• GIVEN RECORDS:
↓↓↓
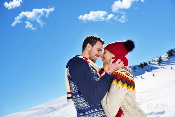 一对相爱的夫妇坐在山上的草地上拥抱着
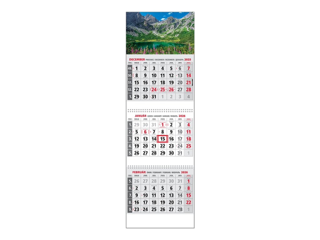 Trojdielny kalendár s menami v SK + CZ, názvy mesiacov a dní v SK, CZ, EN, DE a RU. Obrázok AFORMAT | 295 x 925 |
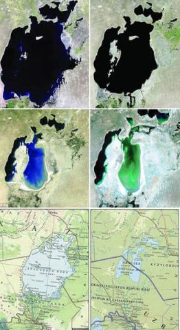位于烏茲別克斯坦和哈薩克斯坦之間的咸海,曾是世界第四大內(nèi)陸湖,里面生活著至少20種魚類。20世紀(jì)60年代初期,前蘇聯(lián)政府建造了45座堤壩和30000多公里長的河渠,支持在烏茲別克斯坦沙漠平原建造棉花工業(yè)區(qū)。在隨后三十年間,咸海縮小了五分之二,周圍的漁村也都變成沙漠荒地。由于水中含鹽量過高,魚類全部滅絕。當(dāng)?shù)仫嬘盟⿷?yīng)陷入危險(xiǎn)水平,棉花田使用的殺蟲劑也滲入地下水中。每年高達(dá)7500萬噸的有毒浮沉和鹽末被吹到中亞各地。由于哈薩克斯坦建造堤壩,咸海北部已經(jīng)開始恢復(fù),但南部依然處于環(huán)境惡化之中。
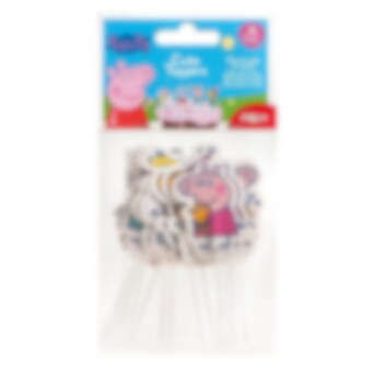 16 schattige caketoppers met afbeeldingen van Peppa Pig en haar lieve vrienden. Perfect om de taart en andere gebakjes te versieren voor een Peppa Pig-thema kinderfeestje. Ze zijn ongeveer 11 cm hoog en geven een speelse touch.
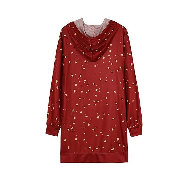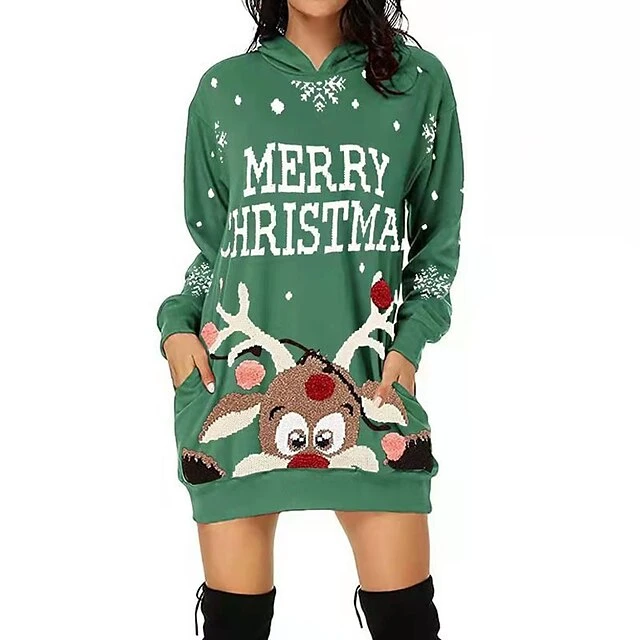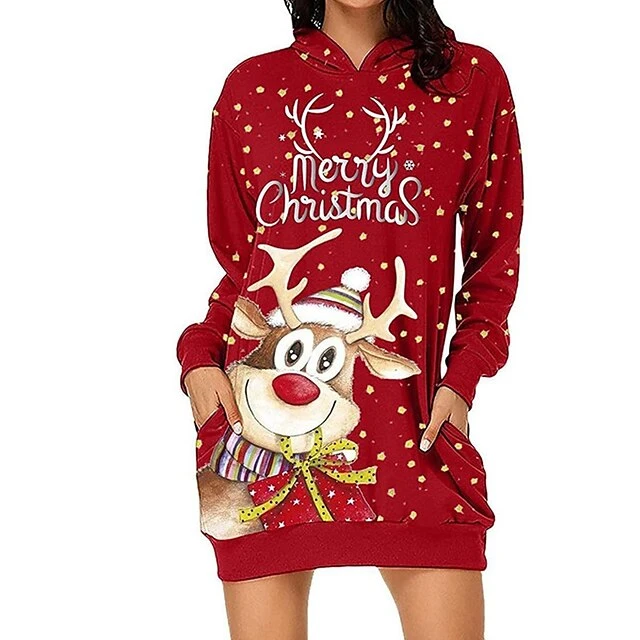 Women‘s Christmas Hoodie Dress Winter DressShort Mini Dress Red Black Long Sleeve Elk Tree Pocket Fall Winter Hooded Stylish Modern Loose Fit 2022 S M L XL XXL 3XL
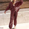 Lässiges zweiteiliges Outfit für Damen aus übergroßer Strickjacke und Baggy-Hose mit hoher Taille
↑↑↑
↓↓↓
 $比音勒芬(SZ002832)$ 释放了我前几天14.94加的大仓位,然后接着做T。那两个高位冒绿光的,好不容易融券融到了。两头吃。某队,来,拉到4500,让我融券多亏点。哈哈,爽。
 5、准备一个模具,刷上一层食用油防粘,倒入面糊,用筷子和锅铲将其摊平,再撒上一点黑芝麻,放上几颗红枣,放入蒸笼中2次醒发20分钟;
↑↑↑
↓↓↓
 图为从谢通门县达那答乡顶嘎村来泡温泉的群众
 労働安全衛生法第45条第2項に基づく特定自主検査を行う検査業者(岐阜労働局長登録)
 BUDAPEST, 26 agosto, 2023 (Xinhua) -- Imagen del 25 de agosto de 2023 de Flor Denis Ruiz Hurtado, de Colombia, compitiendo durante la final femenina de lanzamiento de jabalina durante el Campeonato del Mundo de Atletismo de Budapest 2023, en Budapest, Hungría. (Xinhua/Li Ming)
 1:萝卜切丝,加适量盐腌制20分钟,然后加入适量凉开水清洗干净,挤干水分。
↑↑↑
• TASK DIRECTIONS:
Exact copy, no pictures. Write out the lines in the entries above, starting with the line with "Women‘s Christmas Hoodie" and going on through the line with "Lässiges zweiteiliges Outfit", keeping both.

• WRITTEN SOLUTION:
 Women‘s Christmas Hoodie Dress Winter DressShort Mini Dress Red Black Long Sleeve Elk Tree Pocket Fall Winter Hooded Stylish Modern Loose Fit 2022 S M L XL XXL 3XL
 Lässiges zweiteiliges Outfit für Damen aus übergroßer Strickjacke und Baggy-Hose mit hoher Taille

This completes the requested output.